INPUT MATERIAL:
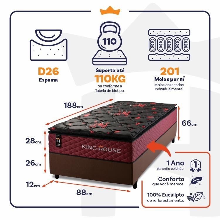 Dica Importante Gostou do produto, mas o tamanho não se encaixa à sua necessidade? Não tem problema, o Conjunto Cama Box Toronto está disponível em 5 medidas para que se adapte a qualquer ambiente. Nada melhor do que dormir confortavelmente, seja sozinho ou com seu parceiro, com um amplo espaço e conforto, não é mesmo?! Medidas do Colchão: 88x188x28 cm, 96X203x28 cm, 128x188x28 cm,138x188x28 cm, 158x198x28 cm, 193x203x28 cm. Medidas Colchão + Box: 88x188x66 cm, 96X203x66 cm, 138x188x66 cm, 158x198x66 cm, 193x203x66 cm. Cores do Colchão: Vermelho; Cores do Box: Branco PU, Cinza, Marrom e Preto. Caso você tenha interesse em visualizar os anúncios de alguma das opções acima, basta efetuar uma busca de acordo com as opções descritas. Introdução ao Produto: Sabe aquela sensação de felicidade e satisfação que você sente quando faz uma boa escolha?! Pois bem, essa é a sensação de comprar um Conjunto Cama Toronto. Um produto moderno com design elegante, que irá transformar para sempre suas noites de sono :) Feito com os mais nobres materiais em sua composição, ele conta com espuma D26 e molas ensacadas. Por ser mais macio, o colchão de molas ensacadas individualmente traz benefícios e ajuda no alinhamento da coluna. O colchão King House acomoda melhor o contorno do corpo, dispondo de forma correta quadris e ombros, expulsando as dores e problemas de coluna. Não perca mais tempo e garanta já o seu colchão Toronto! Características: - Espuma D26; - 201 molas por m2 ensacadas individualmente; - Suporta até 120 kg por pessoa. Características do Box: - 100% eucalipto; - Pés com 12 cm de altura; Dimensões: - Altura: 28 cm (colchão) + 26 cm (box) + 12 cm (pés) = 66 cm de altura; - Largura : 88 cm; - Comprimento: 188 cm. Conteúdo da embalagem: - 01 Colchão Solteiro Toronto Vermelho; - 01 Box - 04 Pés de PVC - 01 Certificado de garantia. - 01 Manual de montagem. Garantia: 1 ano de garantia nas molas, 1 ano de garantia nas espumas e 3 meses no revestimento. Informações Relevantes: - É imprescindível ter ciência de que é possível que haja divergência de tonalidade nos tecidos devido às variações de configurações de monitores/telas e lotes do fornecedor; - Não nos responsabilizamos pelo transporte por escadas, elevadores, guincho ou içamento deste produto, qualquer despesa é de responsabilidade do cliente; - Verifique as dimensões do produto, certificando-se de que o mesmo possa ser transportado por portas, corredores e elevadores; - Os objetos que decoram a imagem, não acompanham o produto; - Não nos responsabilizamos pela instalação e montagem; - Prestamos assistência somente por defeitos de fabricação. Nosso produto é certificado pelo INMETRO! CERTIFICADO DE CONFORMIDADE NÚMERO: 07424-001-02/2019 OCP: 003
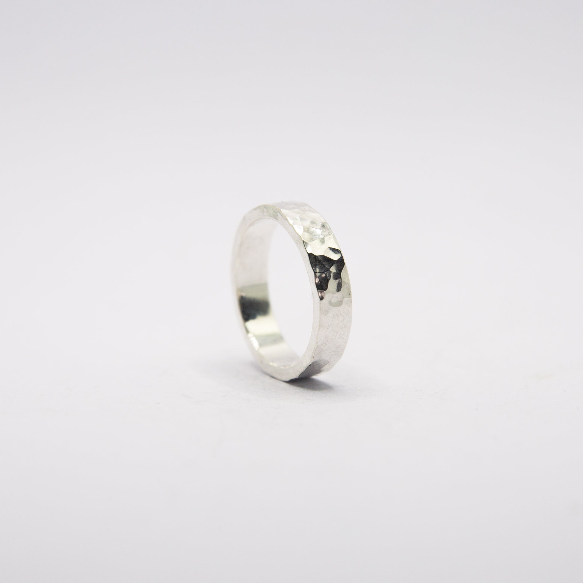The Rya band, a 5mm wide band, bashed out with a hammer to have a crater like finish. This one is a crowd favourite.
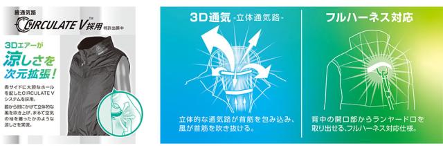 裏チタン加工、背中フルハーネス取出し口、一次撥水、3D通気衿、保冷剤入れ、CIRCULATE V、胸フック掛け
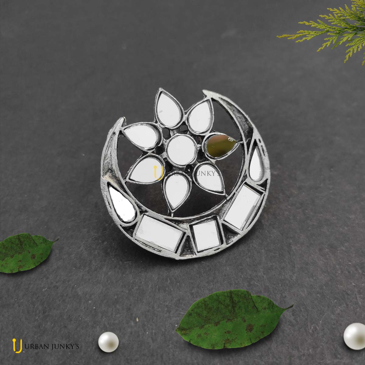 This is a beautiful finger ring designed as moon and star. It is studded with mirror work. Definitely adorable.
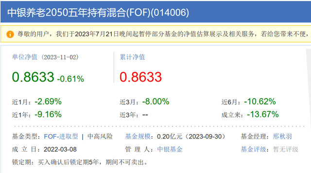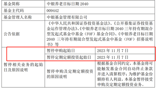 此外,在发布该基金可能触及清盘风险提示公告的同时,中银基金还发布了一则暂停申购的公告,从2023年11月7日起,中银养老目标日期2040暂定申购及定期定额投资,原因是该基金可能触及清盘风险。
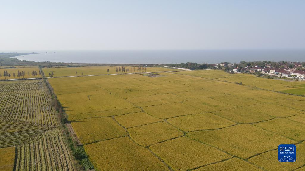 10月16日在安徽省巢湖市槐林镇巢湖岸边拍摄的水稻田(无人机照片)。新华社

WHAT THE TASK ASKS:
Reproduce, unchanged, each line between the one with "此外,在发布该基金可能触及清" and the last line of the material, both included; the pictures do not go in.

OUTPUT FOR THIS EXERCISE:
 此外,在发布该基金可能触及清盘风险提示公告的同时,中银基金还发布了一则暂停申购的公告,从2023年11月7日起,中银养老目标日期2040暂定申购及定期定额投资,原因是该基金可能触及清盘风险。
 10月16日在安徽省巢湖市槐林镇巢湖岸边拍摄的水稻田(无人机照片)。新华社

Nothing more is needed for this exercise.